Another member is Cheryl Gwyn. She is the Deputy Solictor-General for Constitutional Affairs. Incidentially Cheryl has her own Trevor Loudon profile and nothing wrong with that, but it indicates she can’t be written off as a nasty right winger by those who believe in shooting the messenger).
Anyway this Rule of Law Committee has published a summary paper on the Electoral Finance Act. Some useful extracts:
The third party regime, related eligibility and regulated period provisions of the Act together
constitute a clear prima facie breach of the right to freedom of expression under section 14 of
BORA.
No disagreements there.
They then look at justification for any breach:
In the present context, a Court would need to consider whether the regime pursues a sufficiently important social objective to warrant overriding a protected right and, if so, whether the chosen means to that end bear a rational connection and are not disproportionate or excessive.
The onus for meeting those tests lies with the Government. It is a substantial one. The right to political free speech is fundamental to the operation of a representative democracy and intrusions upon that right must be supported by strong and compelling reasons.
However, the Government proffered no evidence to substantiate the need for the legislation at any point during the Act’s passage through its legislative stages. Broad assertions were made about the effect of electoral advertising, but none of the supporting materials that accompanied the Act’s passage (the Explanatory Note and select committee majority report) provided reliable empirical or statistical evidence to back up those assertions.
Nice phrases – the right to political free speech is fundamental to the operation of a representative democracy. And the Government proffered no evidence on the need for the legislation – just broad assertions.
Even assuming a case had been made for legislative intervention, the regime does not appear to
satisfy the proportionality test for establishing a justifiable limit on the right of freedom of
expression. The regulated period seems excessive and disproportionate to the objectives it is
purported to address.
In other words even if (and that is a big if) some sort of law change was needed along these lines, this change was over the top.

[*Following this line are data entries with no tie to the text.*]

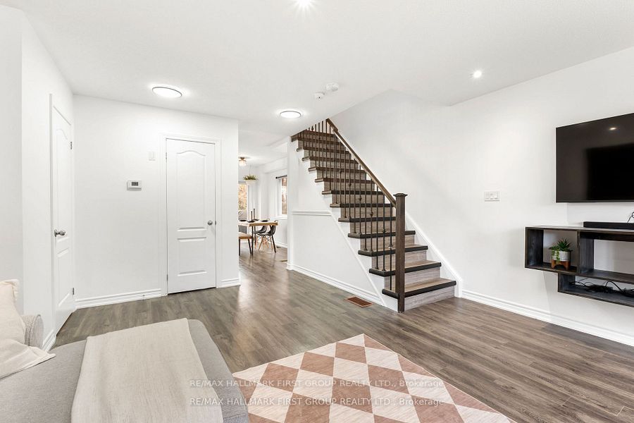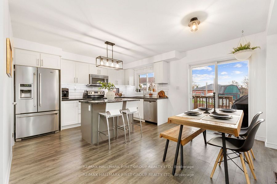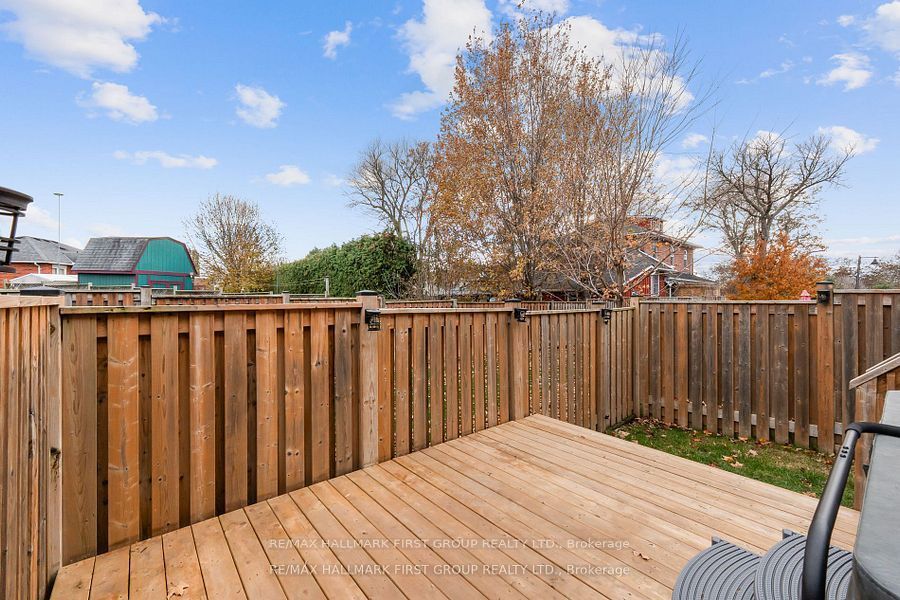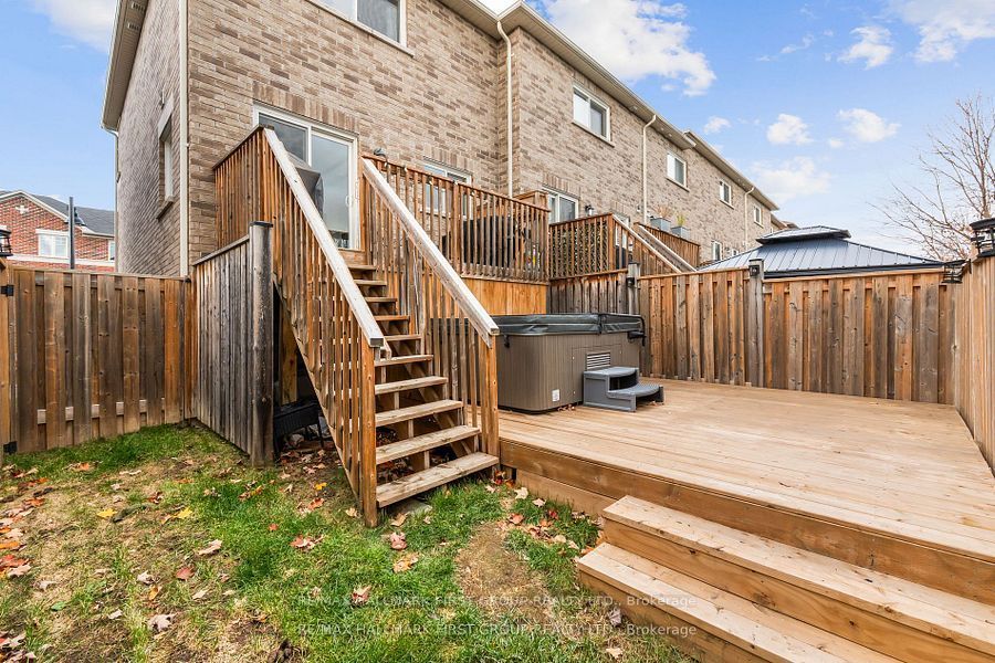 Welcome to this beautifully kept 3-storey freehold end-unit townhome in a quiet, family-oriented neighbourhood in bowmanville. Featuring 3bedrooms and 3 bathrooms, this home offers a bright and functional layout with high end vinyl flooring throughout and over 1500sqft of living space. Enjoy a spacious kitchen and dining area that flows into the living space, ideal for entertaining and everyday life. Bonus room in lower level, perfect for games room, gym or office. The large primary suite includes a 3-piece ensuite with glass shower and walk-in closet. Step out into your fully fenced backyard retreat complete with a multi-tiered deck and relaxing hot tub. Located close to all amenities including groceries, pubs, banks, and more. Move-in ready and waiting for you.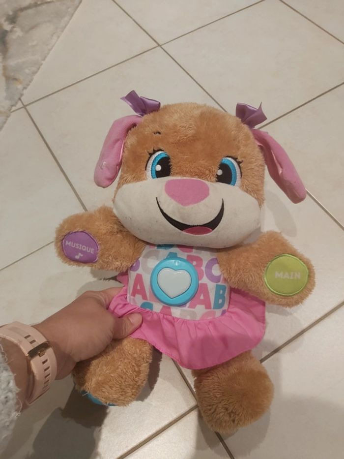 Sis est si douce et si câline ! Avec elle, apprendre est tellement amusant ! Sis réagit au toucher de votre bébé en chantant des chansons et en prononçant des expressions comprenant plus de 100 mots pour lui apprendre les parties du corps humain, les couleurs, les formes et bien plus encore. Et parce que chaque bébé grandit à son propre rythme, la technologie Éveil Progressif de Sis vous permet de choisir le niveau le plus adapté à votre enfant. Plus de 75 sons, chansons, mélodies et phrases ! La main, le pied, l'oreille et le cœur lumineux de Sis réagissent au toucher de bébé (5 points d'activation en tout !) Apprend à bébé 100 de ces premiers mots et l'initie aux parties du corps humain Maison non fumeur et sans animaux Possibilité de prix selon quantité en lot D'autres éléments bébé visible dans mes annonces Retrait possible à la Celle St Cloud (78170) près du Chesnay Rocquencourt (78150) ou st maur (94) Ile de france #christinavoyage_jouet #christinavoyage_6moisgarçon #christinavoyage_6moismixte #christinavoyage_6moisfille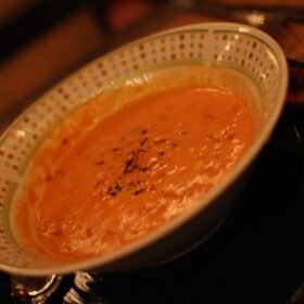 - Using an immersion blender or regular blender, puree the soup until smooth.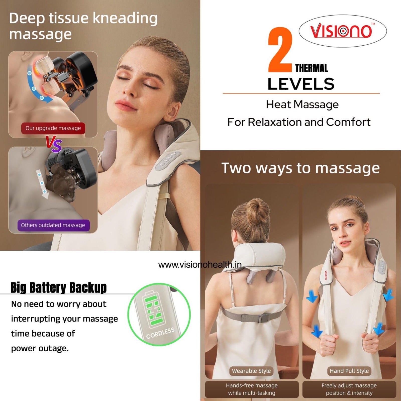 Experience comfort, relaxation, and better sleep with the Visiono Neck & Shoulder Massager – your daily solution for stress-free living. 🌿✨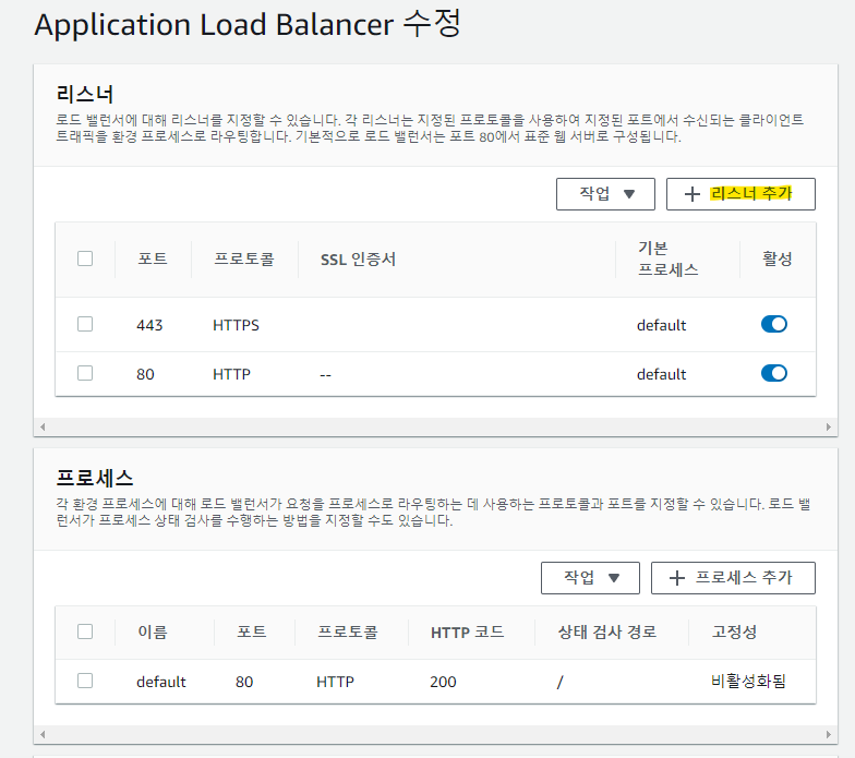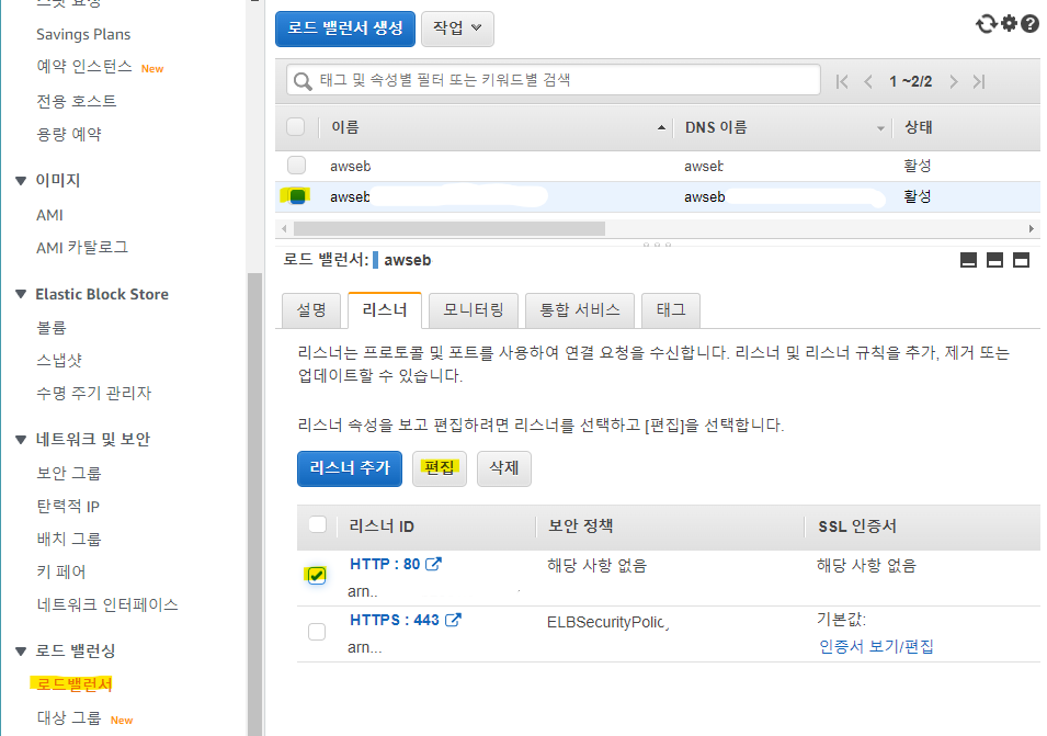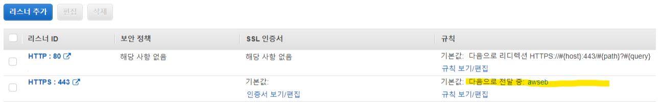 8. 하단 리스너 탭에서 HTTP : 80, HTTPS : 443 추가여부 확인 (Elastic Beanstalk 로드밸런서에 등록한 항목과 일치해야함)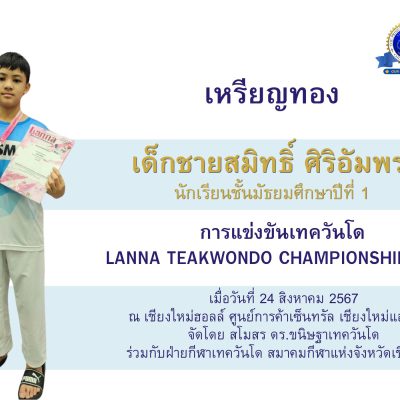 ขอชื่นชมและร่วมแสดงความยินดีกับ เด็กชายสมิทธิ์ ศิริอัมพร นักเรียนชั้นมัธยมศึกษาปีที่ 1/9 ได้รับเหรียญทอง การแข่งขันกีฬาเทควันโด รายการ “Lanna Taekwondo Championship 2024” ประเภท KYORUGI การต่อสู้ สายดำ-แดง รุ่นอายุ 13-14 ปี เมื่อวันเสาร์ ที่ 24 สิงหาคม 2567 ณ เชียงใหม่ฮอลล์ เช็นทรัลเชียงใหม่แอร์พอร์ต จังหวัดเชียงใหม่  จัดโดย สโมสร ดร.ขนิษฐาเทควันโด ร่วมกับฝ่ายกีฬาเทควันโด สมาคมกีฬาแห่งจังหวัดเชียงใหม่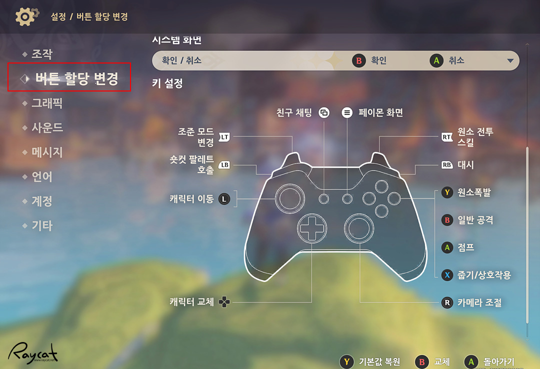 그리고 원신의 경우 듀얼센스 버튼을 변경할 수 있습니다. 손에 익숙한 버튼으로 변경해 사용하는 게 더 편하기도 합니다.

Given the issues at stake, it would clearly serve the public interest to have the Act tested in court. Relief might take the form of a declaration of inconsistency, which would not affect the validity or operation of the Act. But a declaration would have immense ‘moral’ force in bringing to the public’s attention the unwarranted intrusion on the right to freedom of political expression. The media and public attention associated with any challenge would be significant.
Now this is a big story. The Right of Law Committee of the Law Society thinks the EFA is so bad, there should be a judicial declaration that it is inconsistent with the Bill of Rights Act, to draw to the public’s attention how repressive the law is.
The rule of law requires, as a minimum, certain, stable and predictable rules of laws that commend themselves to the sense of fairness of the people. However, the uncertainties that beleaguer the Act are seriously confounding the political process. No one is able to say with confidence whether some forms of political spending constitute election advertising and are subject to the Act’s prescriptive requirements. Given the uncertainties, the rule of law has descended into what an electoral official says is the law (does this or does this not constitute election advertising?). So much, then, for certain, stable and predicable rules of law. The Act is fundamentally flawed and misconceived, and ought to be repealed.
And they call for its total repeal, not just amendment.
A stated objective of the legislation was to encourage participation in the electoral system, but indications are that it is having the reverse effect.
I think the term in vogue is “a chilling effect”
It would be interesting to hear from the Minister of Justice on how this common sense law is deemed by the Rule of Law Committee of the Law Society to be so bad it breaches the Bill of Rights and should be repealed.